Mumbai: India retained the top spot in terms of digital payments in 2020 with 25.5 billion real-time payment transactions, showed a report by ACI Worldwide and GlobalData.
In 2020, the transaction volume share in India stood at 15.6 per cent and 22.9 per cent for instant payments and other electronic payments respectively, while paper-based payments had a considerable share of 61.4 per cent, it showed.
“This is poised to change by 2025 where share of volume by instant payments and other electronic payments is expected to rise to 37.1 per cent and 34.6 per cent respectively, leaving the volume of paper-based transactions at 28.3 per cent,” it said.
Furthermore, by 2024 the share of real time payments volume in overall electronic transactions will exceed 50 per cent, according to the report.
China followed India and held the second spot with 15.7 billion transactions. South Korea took the third spot, followed by Thailand and the UK in the fourth and fifth.
“More than 70.3 billion real-time payments transactions were processed globally in 2020, a surge of 41 per cent compared to the previous year, as the Covid-19 pandemic dramatically accelerated trends away from cash and cheques towards greater reliance on real-time and digital payments,” it said.
The second installment of ‘Prime-Time for Real-Time,’ first launched in 2020, analyses global real-time, account-to-account payment volumes and forecasts across 48 global markets. It projects a Compound Annual Growth Rate (CAGR) for real-time payments of 23.6 per cent from 2020 to 2025.
“India’s journey of creating a digital financial infrastructure has been characterized by collaboration between the government, the regulator, banks and fintechs. This has helped to advance the country’s goal of enabling financial inclusion and also provided rapid payments digitization for citizens,” said Kaushik Roy, VP and head of product management, Asia, ME and Africa, ACI Worldwide.
Roy added that the pandemic has further accelerated adoption of digital payments with many first-time users adopting digital payments and significant uplift by merchants.
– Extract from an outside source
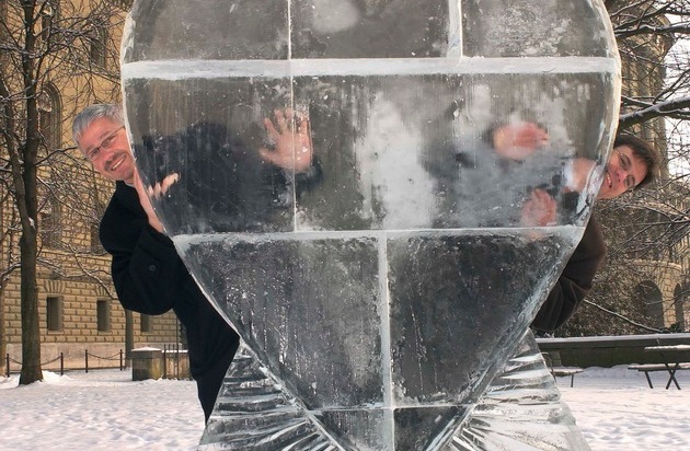 Ein Herz aus Eis als Symbol: Antonio Hautle (Fastenopfer, links) und Reto Gmünder (Brot für Alle, rechts) lancieren auf der Bundeshausterrasse die ökumenische Kampagne gegen Gewalt. Weiterer Text über ots. Die Verwendung dieses Bildes ist für redaktionelle Zwecke honorarfrei. Abdruck bitte unter Quellenangabe: "obs/Fastenopfer"

“As the industry evolves, we expect to see increased adoption across different users and volume growth driven by mass adoption, recurring payments, transit payments as well as cross-border transactions,” he added.
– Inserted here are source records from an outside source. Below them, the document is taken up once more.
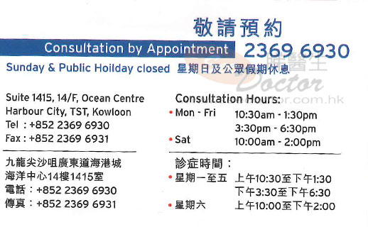 打咗忻醫生私人電話問問 電話裏頭都感受到佢嘅自信同親切 於是就打去診所預約見醫生
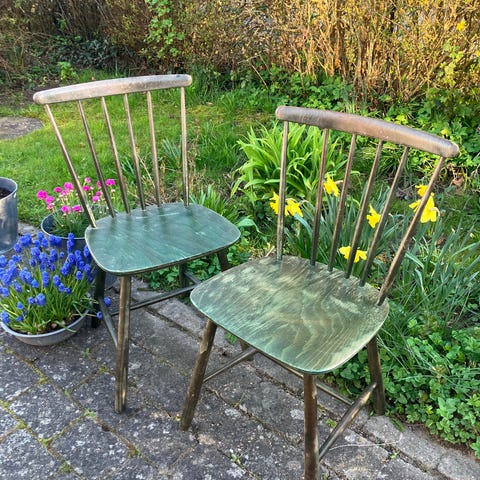 4 Fine Farstrup stole med lette brugssporz. Sælges samlet for 1000 kr.
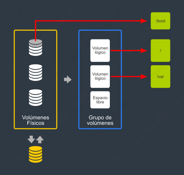 lvcreate. y con los comandoslvextenylvreducese puede cambiar su tamaño. - Los volúmenes lógicos se crean a partir de los volúmenes físicos disponibles y se les asigna un tamaño y un nombre. Estos volúmenes lógicos se pueden gestionar como si fueran particiones normales en un disco duro, pero en realidad están compuestos de varias particiones en múltiples discos duros físicos.
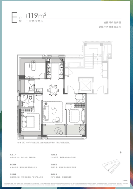 270°转角玻璃、双阳台、N+1灵动空间等设计,突破传统局限,赋予居者更自由丰盛的生活体验。
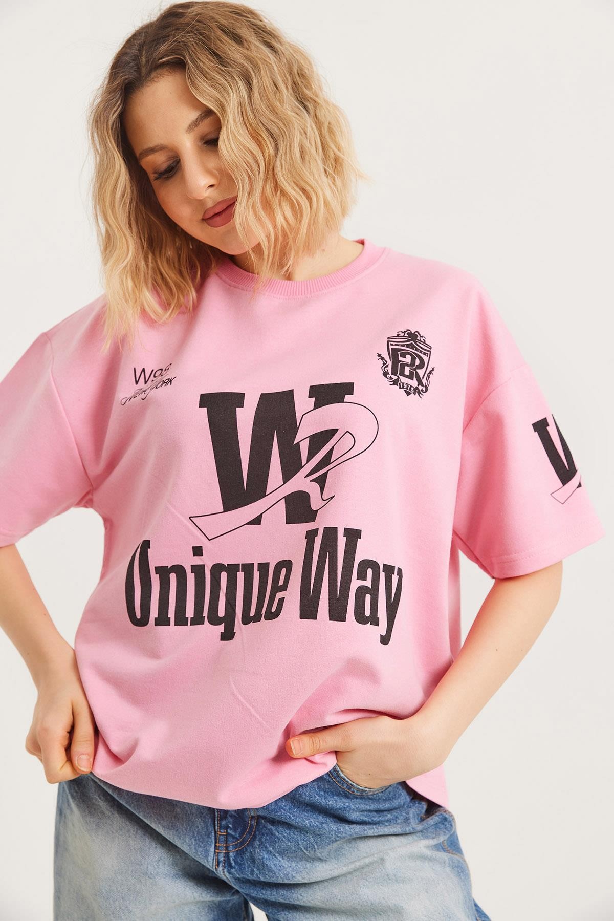Bisiklet Yaka Baskılı Tshirt Pembe (250580TSHXPMB)

As the pandemic continues to drive changes in consumer and business behaviours, banks, merchants and intermediaries across the payment ecosystem are responding rapidly, prioritizing the shift to digital to protect current revenue streams, and searching for new ones through a fully digitised customer experience.
With millions of people globally having to change the way they work and live – and the way they shop and pay – mobile wallet adoption rose to an historic high of 46 percent in 2020, up from 40.6 per cent in 2019 and 18.9 per cent in 2018. Countries like Brazil, Mexico and Malaysia where many people historically relied on cash are now some of the fastest adopters of mobile wallets.
“The pandemic has cast the spotlight on the importance of digital payments and robust payment infrastructures, condensing a decade of anticipated innovation into one year and creating human behavioural changes that will not reverse as we emerge from the crisis,” said Jeremy Wilmot, Chief Product Officer, ACI Worldwide.
He was of the view that countries with a robust digital payments infrastructure already in place have coped better than those without when it comes to containing the economic impact of the pandemic.